→ INPUT DATA:
----
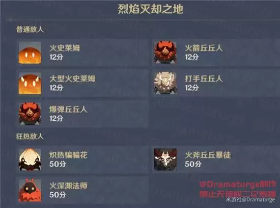 普通敌人:火史莱姆*8,打手丘丘人*3,爆弹丘丘人*3
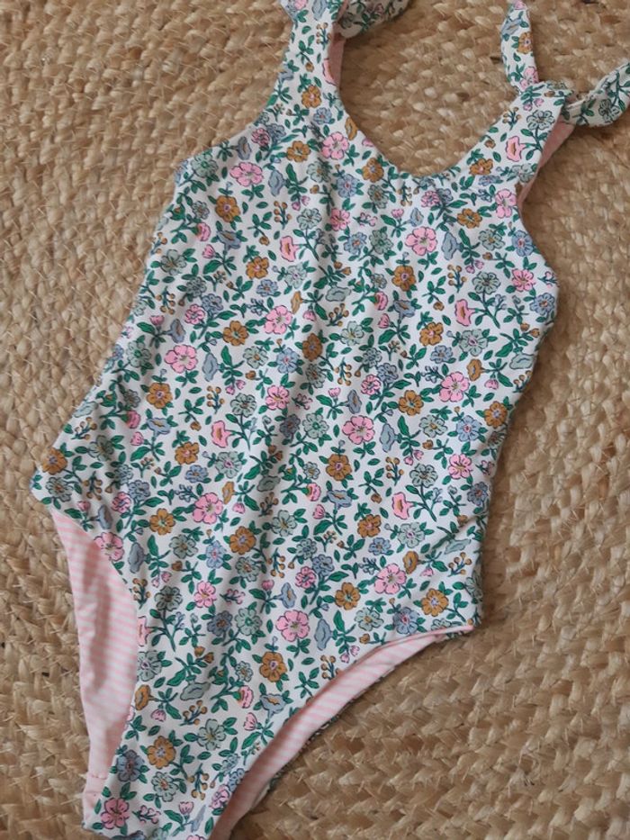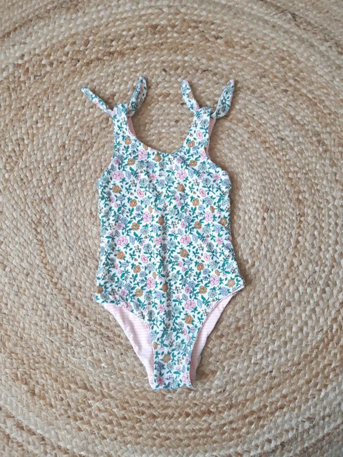Maillot de bain à motif fleurs/ imprimé fleuri d'un côté et rayé de l'autre Nœuds sur les bretelles Convient pour un 12 mois #anthonyagnes_bebe12M
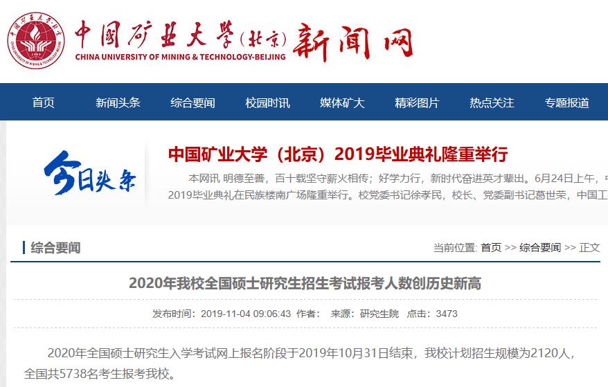 2020年全国硕士研究生入学考试网上报名阶段于2019年10月31日结束,我校计划招生规模为2120人,全国共5738名考生报考我校。
----
→ THE TASK: Return the full set of lines above word for word and with no pictures.

→ SOLUTION FOR THIS PROBLEM:
 普通敌人:火史莱姆*8,打手丘丘人*3,爆弹丘丘人*3
Maillot de bain à motif fleurs/ imprimé fleuri d'un côté et rayé de l'autre Nœuds sur les bretelles Convient pour un 12 mois #anthonyagnes_bebe12M
 2020年全国硕士研究生入学考试网上报名阶段于2019年10月31日结束,我校计划招生规模为2120人,全国共5738名考生报考我校。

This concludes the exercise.